The reason? Today’s young people, by and large, have shunned manufacturing work despite the opportunities. So many are either unemployed or underemployed.
Meanwhile, China, which likes to lord their superior manufacturing prowess over U.S. companies, is facing the same problems plaguing the U.S. job market.
In 1999, only 1 million Chinese were college graduates. But the Chinese government began a push to expand college education, with the result that in 2010, more than 6.3 million graduates entered the Chinese job market. And like the United States, there are not enough jobs.
According to The New York Times: “China now has 11 times as many college students as it did at the time of the Tiananmen Square protests in the spring of 1989, and an economy that has been very slow to produce white-collar jobs. The younger generation has shown less interest in political activism, although that could change if the growing numbers of graduates cannot find satisfying work.”
Some estimate that 30 percent of Chinese engineering students will not find jobs after graduation and that the average pay of college graduates is now approaching that of rural migrant workers.
At the same time, factories in Guangdong province, a city of 15 million, cannot find enough labor. Factories are desperate for workers, despite offering double-digit annual pay increases and improved benefits.
Another New York Times story found that a national survey released this winter by a Chinese university “showed that among people in their early 20s, those with a college degree were four times as likely to be unemployed as those with only an elementary school education.”
Are you seeing a pattern here? College graduates in both countries are snubbing job opportunities that will prepare them for good paying jobs and entry into tomorrow’s manufacturing workforce.

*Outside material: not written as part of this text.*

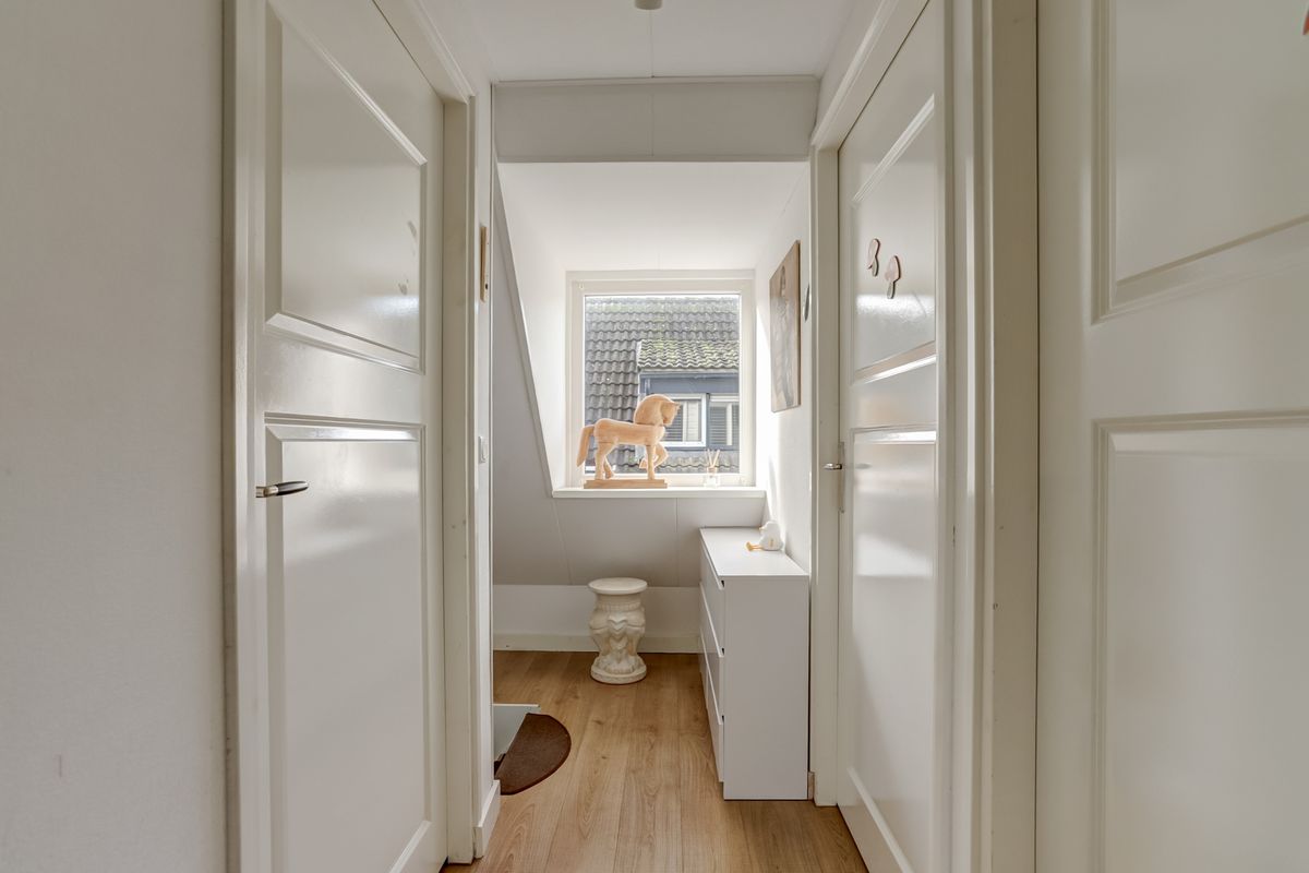 Overloop met dakkapel voor extra stahoogte. Drie slaapkamers, waarvan de ramen zijn voorzien van kunststof kozijnen met elektrische rolluiken voor extra comfort en energiebesparing.

No matter what they think, manufacturing jobs will not go away. Both economies depend on a flow of new goods.
It has been lost on today’s youth that manufacturing jobs require workers who are computer literate and skilled in computer-aided design and engineering.
This message is starting to resonate with Americans, even younger workers who once were heading for college see a brighter future in manufacturing. Yet, the Obama administration stubbornly clings to churning out more college graduates — graduates who cannot find jobs
In April 2012, U.S. Secretary of Education Arne Duncan trumpeted the long-delayed blueprint for transforming Career and Technical Education (CTE), by reauthorizing the Carl D. Perkins Career and Technical Education Act of 2006. This Act recognizes that over the next decade, as many as two-thirds of all new jobs will require education beyond high school.

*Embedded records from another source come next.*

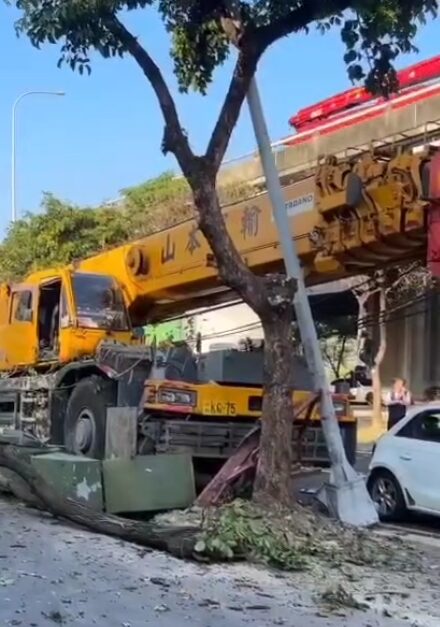 台中大型吊車失控追撞6車,還撞斷路樹及路燈桿。翻攝畫面
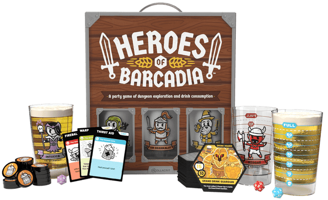 Heroes of Barcadia is a 2-6 player tile-based, dungeon-crawling tabletop party game with a liquid twist: your character’s health is measured by the drink in your glass.
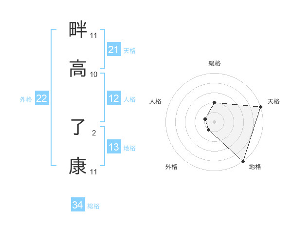 畔高 了康さんの天格は21画の5点!
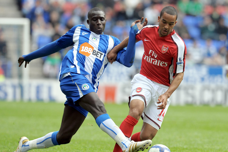 Steve Gohouri (à gauche) au duel avec Wigan contre Théo Walcott (Arsenal) le 18 avril 2010

While the administration bragged about the $1 billion being allocated to fund this program, it actually represented a 20 percent reduction. Instead, degree-issuing colleges saw their funding increase by 11 percent.
This administration has simply had its priorities in the wrong place. That’s why we see 25 million unemployed and underemployed Americans.

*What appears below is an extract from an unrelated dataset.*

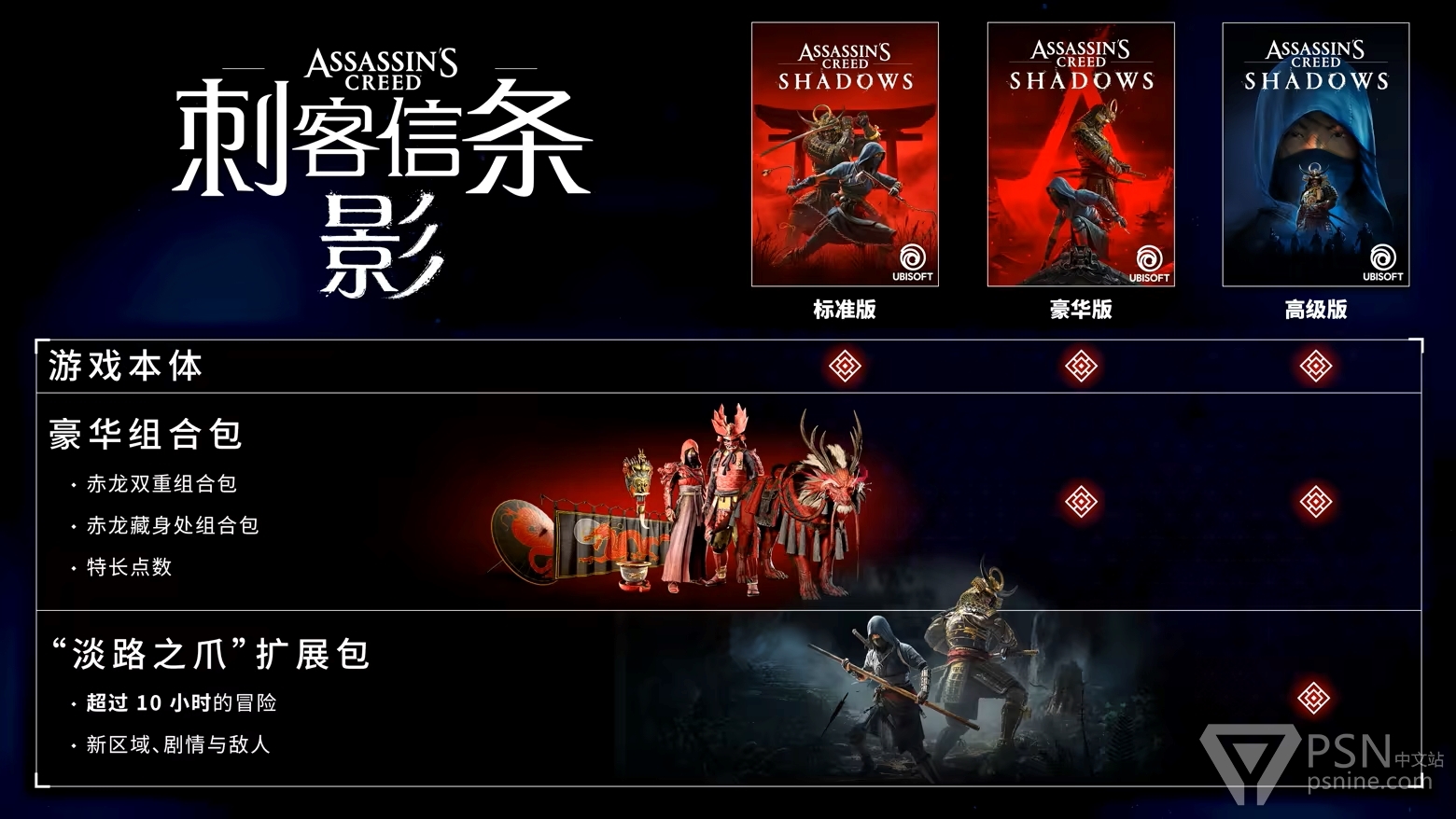 「淡路之爪」免费提供给所有预购了《刺客信条:影》的玩家;未预购的玩家可单独购买该DLC,本作今天新推出的高级版也包括该DLC。

And even when this administration tries to fix things, they mess it up. The U.S. Labor Department received $500 million to train 115,000 workers. But as of June 30, 2011, just 26,000 workers had completed training and only 8,000 of them had found work, according to the U.S. Office of Inspector General. That’s over $60,000 a job.
Even China wouldn’t waste this much money on a poorly designed program.
Make no mistake. China faces huge unemployment problems that will persist for years. We have the opportunity to reestablish America as the world’s manufacturing leader. But it will take some new thinking.
American youth must embrace the promise of tomorrow’s high-tech manufacturing work force realities. And the government must rethink its approach to higher education, balancing the jobs created by degree-issuing colleges and those created by trade and vocational schools.
Let’s stop assuming that China can out-think us and out-innovate the United States —they can’t and won’t. But it takes some resolve from our leaders to keep their eye on the ball: creating and maintaining good paying American jobs.